INDIANAPOLIS, May 22, 2021 /PRNewswire/ -- In a pre-specified
analysis of the Phase 2 SERENITY study, Eli Lilly and Company's
(NYSE: LLY) mirikizumab improved fatigue in patients with
moderately to severely active Crohn's disease (CD) at 12 weeks, as
measured by the mean change in FACIT-Fatigue scores compared to
placebo, with improvements that were sustained up to one year.
These results are being presented virtually at Digestive Disease
Week® (DDW), May 21-23,
2021.
Mirikizumab is being studied for UC and CD, two forms of
inflammatory bowel disease that can cause serious and debilitating
symptoms, and disruptions in daily life.
"New data at DDW show that fatigue is more than a symptom of
ulcerative colitis and Crohn's disease – two chronic, inflammatory
bowel diseases that can be challenging to treat. It can also be an
important predictor for the severity of a person's disease and the
potential impact it has on their quality of life," said
Miguel Regueiro, M.D., chair of
Gastroenterology, Hepatology & Nutrition at Cleveland Clinic
and lead author of these analyses. "The data from Lilly's Phase 2
study show mirikizumab may help improve fatigue in patients with
moderately to severely active Crohn's disease, reinforcing the
importance of further study into mirikizumab as a potential
treatment for those living with this disease."

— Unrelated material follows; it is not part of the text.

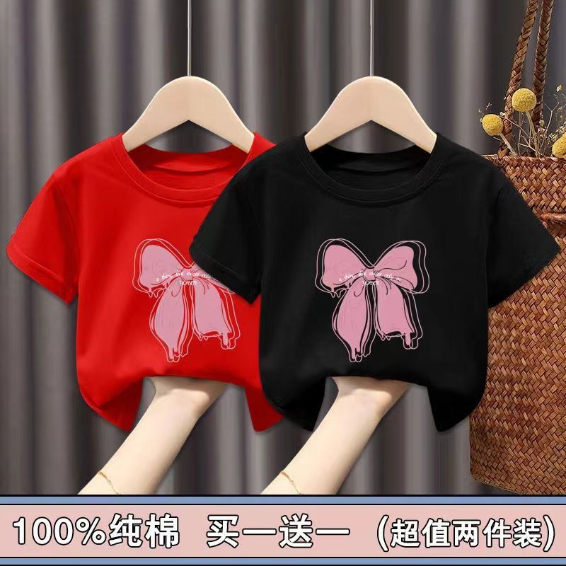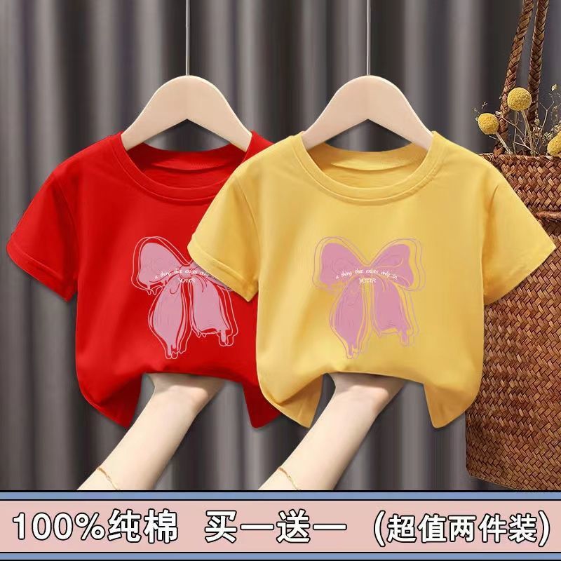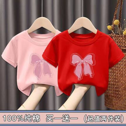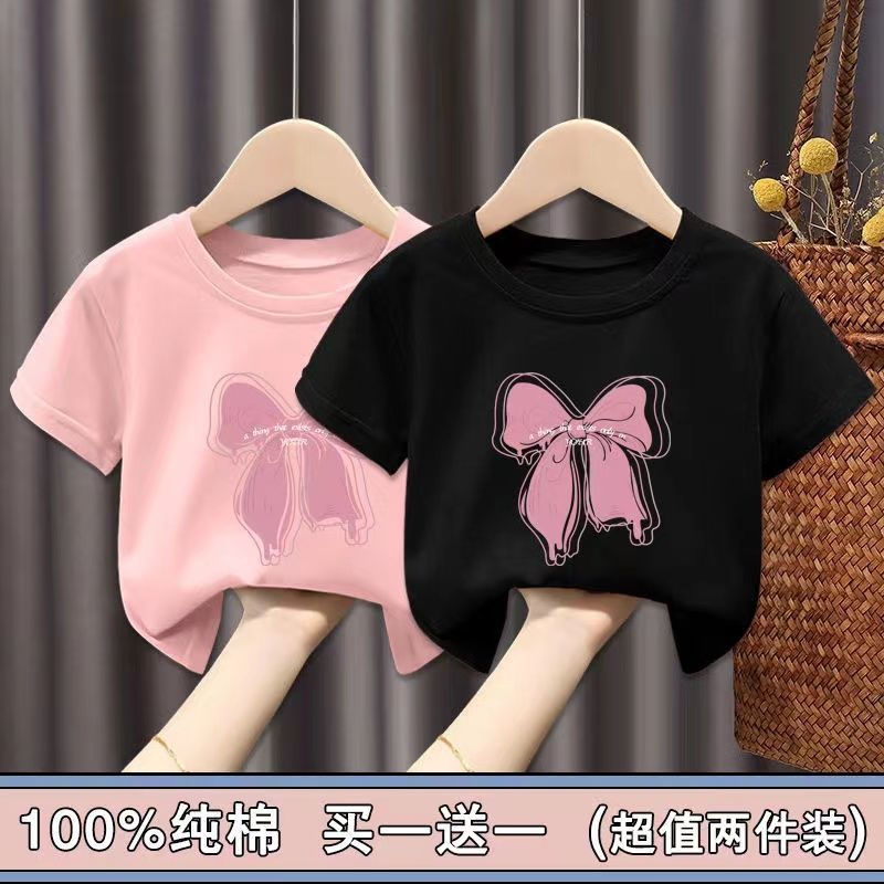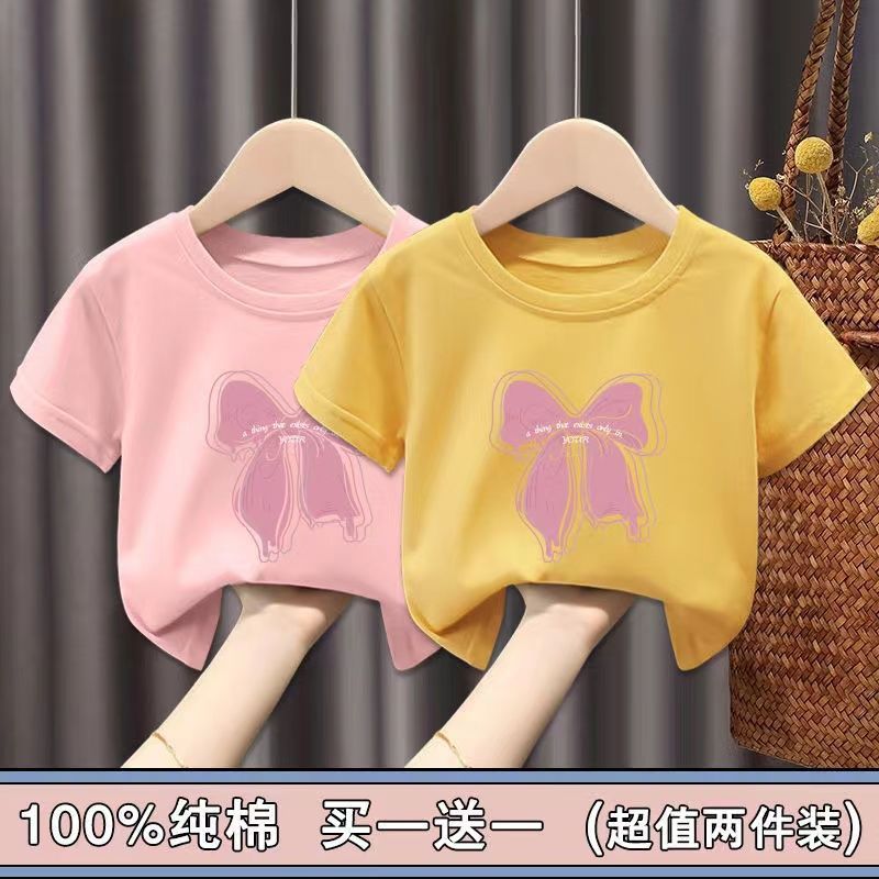 纯棉女童t恤短袖2024新款中小童夏装女宝宝夏季小孩体恤儿童上衣

Mirikizumab Demonstrated Improvements in Fatigue
In SERENITY, patients treated with mirikizumab saw improvements
in fatigue during the induction period of 12 weeks, as measured by
the mean change in FACIT-Fatigue scores from baseline compared to
placebo (mirikizumab 200 mg: 10.81±1.73, p<0.001; 600 mg:
9.09±1.72, p=0.004; 1000 mg 9.62±1.22, p<0.001; placebo:
2.90±1.21). The FACIT–Fatigue scale is a validated 13-item
questionnaire which assesses the impact of fatigue on daily
activities in patients with chronic illnesses.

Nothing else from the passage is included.